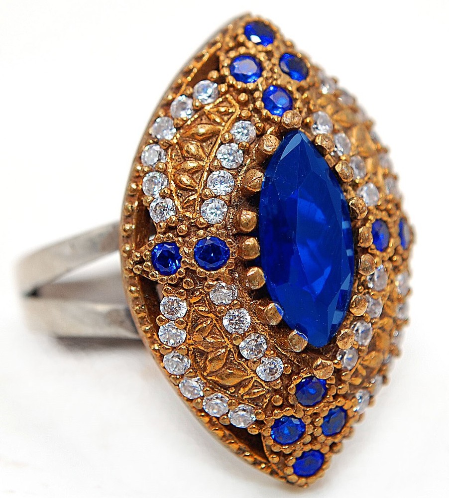 Exquisite Ottoman Empire Style 4CT Treated Sapphire 925 Sterling Silver Ring Size 9 H3-7 for Timeless Elegance
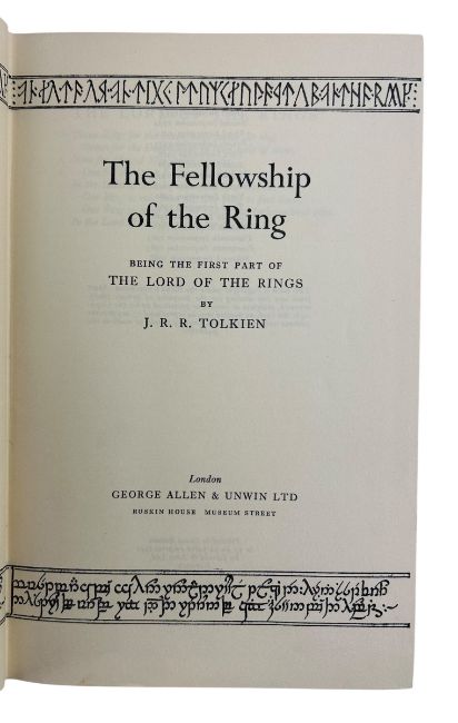 Tolkien, John Ronald Reuel. 1966-8 The Lord of the Rings. Three volumes. Containing The Fellowship of the Ring, The Two Towers and The Return of the King. Mixed impression set, comprised of The Fellowship of the Ring in the first edition, fifteenth impression, The Two Towers in the second edition, and The Return of the King in the second edition, third impression. London: George Allen & Unwin LTD. With the first edition dust wrapper design for The Fellowship of the Ring and the second edition dust wrapper design for the other two volumes. All dust wrappers are unclipped. (3)
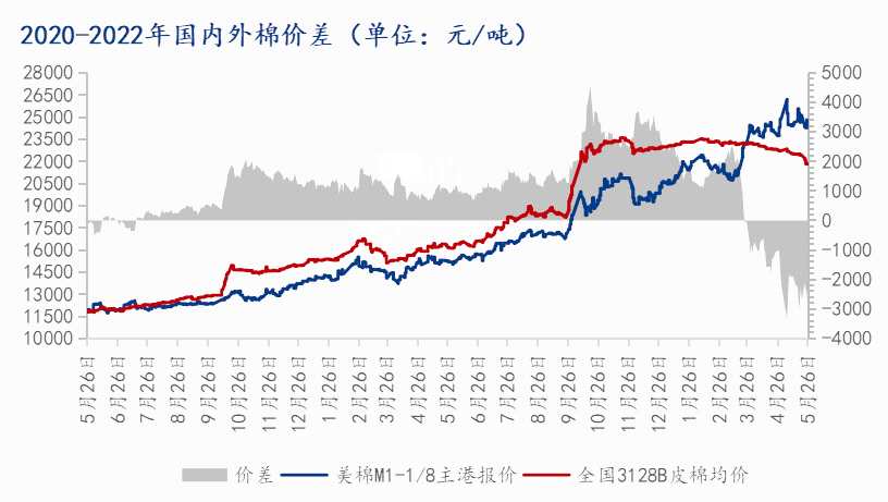 目前國內(nèi)基本面雖疲軟,但內(nèi)外棉價差依舊處于深度倒掛,據(jù)Mysteel農(nóng)產(chǎn)品跟蹤數(shù)據(jù),5月26日美棉M1-1/8到港價為24814元/噸;國內(nèi)3128B皮棉均價為21806元/噸;內(nèi)外棉價差為-3008元/噸。由于近期鄭棉整體跌幅大于美棉,內(nèi)外棉價差呈擴大趨勢。在這種形勢下,鄭棉下方空間有限。

Task description ->
What the answer must hold: all the data above, given again exactly, without pictures.

Answer for the task ->
 Exquisite Ottoman Empire Style 4CT Treated Sapphire 925 Sterling Silver Ring Size 9 H3-7 for Timeless Elegance
 Tolkien, John Ronald Reuel. 1966-8 The Lord of the Rings. Three volumes. Containing The Fellowship of the Ring, The Two Towers and The Return of the King. Mixed impression set, comprised of The Fellowship of the Ring in the first edition, fifteenth impression, The Two Towers in the second edition, and The Return of the King in the second edition, third impression. London: George Allen & Unwin LTD. With the first edition dust wrapper design for The Fellowship of the Ring and the second edition dust wrapper design for the other two volumes. All dust wrappers are unclipped. (3)
 目前國內(nèi)基本面雖疲軟,但內(nèi)外棉價差依舊處于深度倒掛,據(jù)Mysteel農(nóng)產(chǎn)品跟蹤數(shù)據(jù),5月26日美棉M1-1/8到港價為24814元/噸;國內(nèi)3128B皮棉均價為21806元/噸;內(nèi)外棉價差為-3008元/噸。由于近期鄭棉整體跌幅大于美棉,內(nèi)外棉價差呈擴大趨勢。在這種形勢下,鄭棉下方空間有限。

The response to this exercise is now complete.